With Hector Velazquez needed Saturday, he might not be able to make the start for Boston in the Patriots’ Day game. Regardless, it lines up as a bullpen game for Boston, likely of the old-fashioned variety with no one working more than an inning or two.
Projected Game Scores
Roberto Perez (R), under 1 percent, Cleveland Indians at Seattle Mariners (LHP Yusei Kikuchi): This might be Perez’s first time visiting this space because, quite frankly, he’s not very good. However, the choices behind the dish on this travel-day slate are sparse. This is more a lack of confidence in Kikuchi’s early going than Perez’s prowess. If you’re in a league with a game limit and your regular catcher is off, this is a day to consider taking a goose egg and not wasting a valuable start.
Mitch Moreland (L), 25 percent, Boston Red Sox vs. Baltimore Orioles (RHP Dan Straily): Sorry, this feels like cheating, recommending a hitter whose power stroke is in sync with a fly ball pitcher prone to the long ball. That said, the forecast in Boston is threatening, so make sure to check the conditions.
Jeff McNeil (L), 32 percent, New York Mets at Philadelphia Phillies (RHP Aaron Nola): Usually, it’s best to avoid arms of Nola’s caliber, but between limited choices and his not being sharp to begin the season (22 base runners in 15 1/3 innings), McNeil is in play. Besides, McNeil is seeing the ball well, moving to the leadoff spot on the heels of a .917 OPS through Saturday’s action.
Josh Fuentes (R), under 1 percent, Colorado Rockies at San Diego Padres (LHP Joey Lucchesi): Garrett Hampson has already been featured a couple of times for the Rockies, so let’s grab the shovel and dig deep. A third baseman by trade, Fuentes has been chipping in at first with a southpaw on the hill. He doesn’t have the prospect buzz of others because he was a relatively old (25) at hitter-friendly Triple-A Albuquerque, but a .327/.354/.517 slash line last season is nonetheless impressive.
Freddy Galvis (S), 17 percent, Toronto Blue Jays at Minnesota Twins (LHP Martin Perez): A fast start with his new team has elevated Galvis to the top of the Blue Jays order. He has the experience to make Perez work and the ability to take advantage of a mistake.
Justin Bour (L), 7 percent, Los Angeles Angels at Texas Rangers (RHP Shelby Miller): Bour needs to get going if he wants to stay in the lineup once Shohei Ohtani is ready to assume designated hitter duties. He couldn’t ask for a better spot, facing one of the poorest pitchers in the league in hitter-friendly Globe Life park.
Ben Zobrist (S), 33 percent, Chicago Cubs at Miami Marlins (RHP Trevor Richards): Although it’s not that great, Zobrist checks in as one of the Cubs better hitters against a hurler featuring the change-up.

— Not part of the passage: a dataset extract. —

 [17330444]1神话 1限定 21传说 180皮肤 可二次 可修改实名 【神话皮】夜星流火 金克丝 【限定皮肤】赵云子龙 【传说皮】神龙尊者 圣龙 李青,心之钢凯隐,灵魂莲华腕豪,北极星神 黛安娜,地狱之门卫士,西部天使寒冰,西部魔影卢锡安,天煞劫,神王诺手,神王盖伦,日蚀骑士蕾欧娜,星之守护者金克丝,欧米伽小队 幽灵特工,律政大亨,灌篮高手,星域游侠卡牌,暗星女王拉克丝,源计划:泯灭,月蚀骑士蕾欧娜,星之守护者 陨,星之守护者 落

Brian Anderson (R), 35 percent, Miami Marlins vs. Chicago Cubs (RHP Yu Darvish: Darvish is in a rut to open the season, walking 11 in his first dozen frames. Anderson is a patient hitter, making him an ideal pickup in points leagues with the ability to draw a walk or go deep.

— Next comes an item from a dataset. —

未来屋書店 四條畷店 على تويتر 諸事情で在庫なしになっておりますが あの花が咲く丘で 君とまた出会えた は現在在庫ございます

Jorge Soler (R), 20 percent, Kansas City Royals at Chicago White Sox (RHP Ervin Santana): Soler is one of the few power sources in a Royals lineup built around speed. Eight of Soler’s dozen hits have gone for extra bases, and Santana has allowed 43 homers in his past 239 2/3 innings.

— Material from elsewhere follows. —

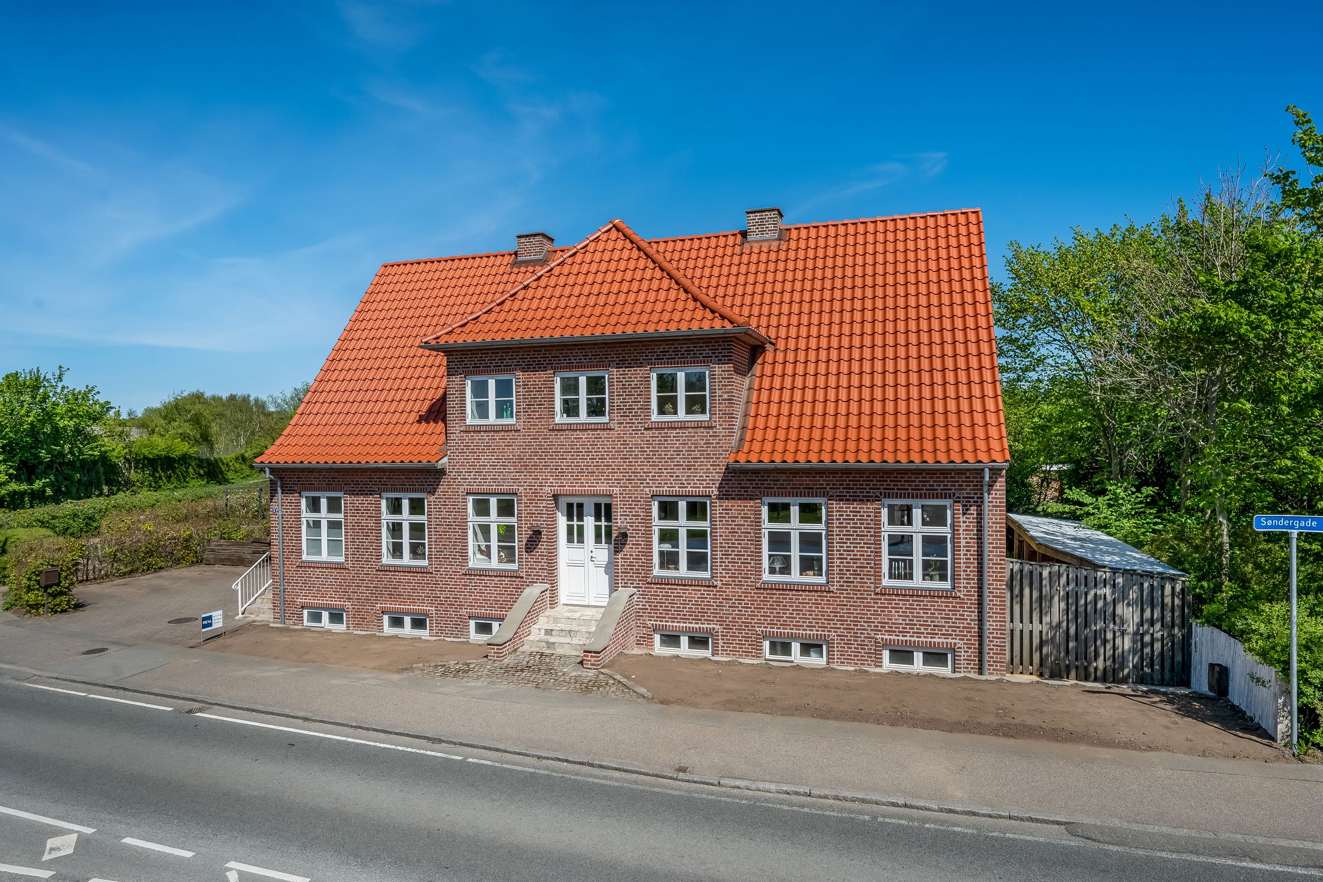 Smuk og harmonisk herskabsvilla opført i røde teglsten og med rødt tegltag. Hele ejendommen er for nylig blevet omfuget og fremtræder såvel udvendigt som indvendigt i rigtig god og velvedligeholdt stand. Ejendommen er i årevis af de mange lokale - og i øvrigt fuldt berettiget - kaldt byens smukkeste hus.

Leury Garcia (S), 4 percent, Chicago White Sox vs. Kansas City Royals (RHP Heath Fillmyer): A switch-hitting leadoff batter against a weak pitcher is one of the best scenarios, since he’s assured of the platoon edge even when the opposing team turns to the bullpen. In this case, a weak one, as the Royals reliever’s ERA is the third-worse in the league.